__PROBLEM STATEMENT__.
For this exercise, output exactly the lines from the opening line of the listing through the line with "Figure 13.3. The Air Force 5-Step RM Process.", skipping pictures.

__RECORDED DATA__.
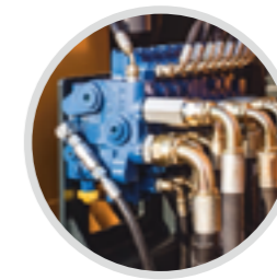
Reduced Noise, Improved Heat Dissipation
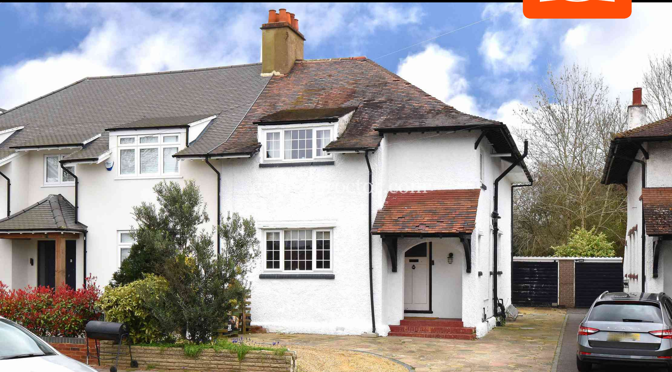
Blackbrook Lane, Bromley, Kent. BR2 8AY
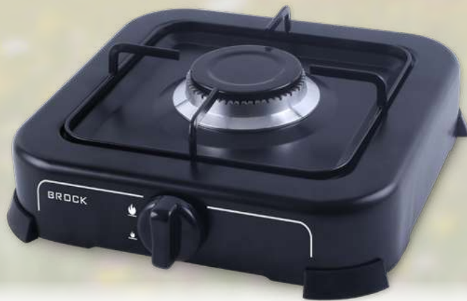
GS 2001 BK
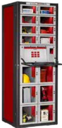
AutoLocker stations provide 24-hour access to high value, oversized, calibrated and durable products.
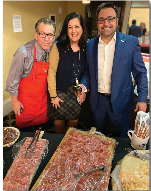
talfoods provided amazing antipasti
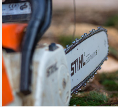
TOOLS OF THE TRADE
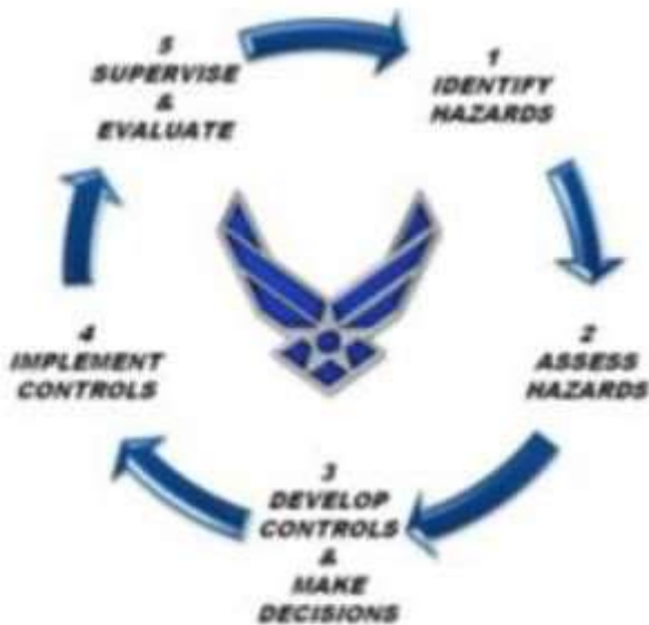
Figure 13.3. The Air Force 5-Step RM Process.

13.1.3.3. Assurance. Safety assurance is how commanders determine the elements of the mishap prevention program are implemented, and guides continuous improvement efforts. The assurance functions of evaluation, monitor, and review measure whether organizations conform to standards and are making progress toward established goals.

__SOLVED EXERCISE__.
Reduced Noise, Improved Heat Dissipation
Blackbrook Lane, Bromley, Kent. BR2 8AY
GS 2001 BK
AutoLocker stations provide 24-hour access to high value, oversized, calibrated and durable products.
talfoods provided amazing antipasti
TOOLS OF THE TRADE
Figure 13.3. The Air Force 5-Step RM Process.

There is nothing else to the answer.